Figure 4. An example of dual specular-highlight effects.
The metallic flakes are from a noise map and the environment mapping finishes off the effect.
As shading hardware becomes more powerful and commonplace you'll start to see more and more creative shading show up in games and then in mainstream applications. The next release of the Windows OS is rumored to be designed to natively support graphics hardware acceleration for the entire desktop, and programmable shading is going to be a big part of that. With the prices of DirectX 9 (and OpenGL 2.0) capable hardware continually dropping, if your current project doesn't incorporate shaders, you haven't investigated HLSL, or the low-level shader language intimidated you, I hope this article has shown you that not only is writing HLSL easy, but with tools like RenderMonkey you can be writing shaders within minutes.
The author would like to thank the following individuals for reviewing this article prior to publication: Wolfgang Engel, Randy Fernando, Tadej Fius, Muhammad Haggag, Callan McInally, Jason Mitchell, Harald Nowak, Guimo Rodriguez, and Natasha Tatarchuk.

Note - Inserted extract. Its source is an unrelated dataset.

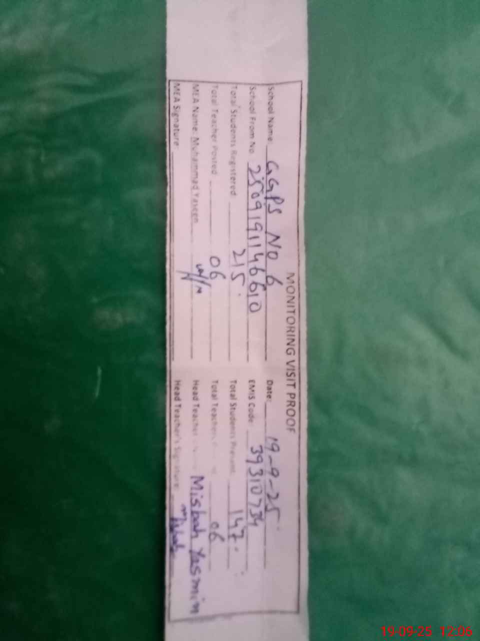 | Attendance Register | Head Teacher | MEA with School | Visit Proof |

The executable and documentation for RenderMonkey can be found at www.ati.com/developer/sdk/radeonSDK/html/Tools/RenderMonkey.html
While not HLSL, it's pretty close. You can learn more about it at http://developer.nvidia.com/Cg, or www.cgshaders.org.
The Microsoft DirectX 9 documentation is pretty sparse on HLSL, but it's there for you to puzzle out.
For DirectX shaders there's ShaderX by Engel, Real-Time Shader Programming by Fosner. There's two ShaderX2 additional books coming out soon as well. Cg is covered by The Cg Tutorial by Fernando and Kilgard. Real-Time Shading by Olano, et. al. is more about current shader research, but it's a useful source of information if your interested in delving further into the state-of-the-art.
Unfortunately most graphics texts gloss over all but the simplest shading models. Most of the older ones can be found in Computer Graphics by Foley, van Dam, et. al., with the newer ones in Principles of Digital Image Synthesis, by Glassner. Quite a few of the original papers can be found online as well. The RenderMan Companion by Upstill and Advanced RenderMan by Apodaca and Gritz are really useful sources of inspiration.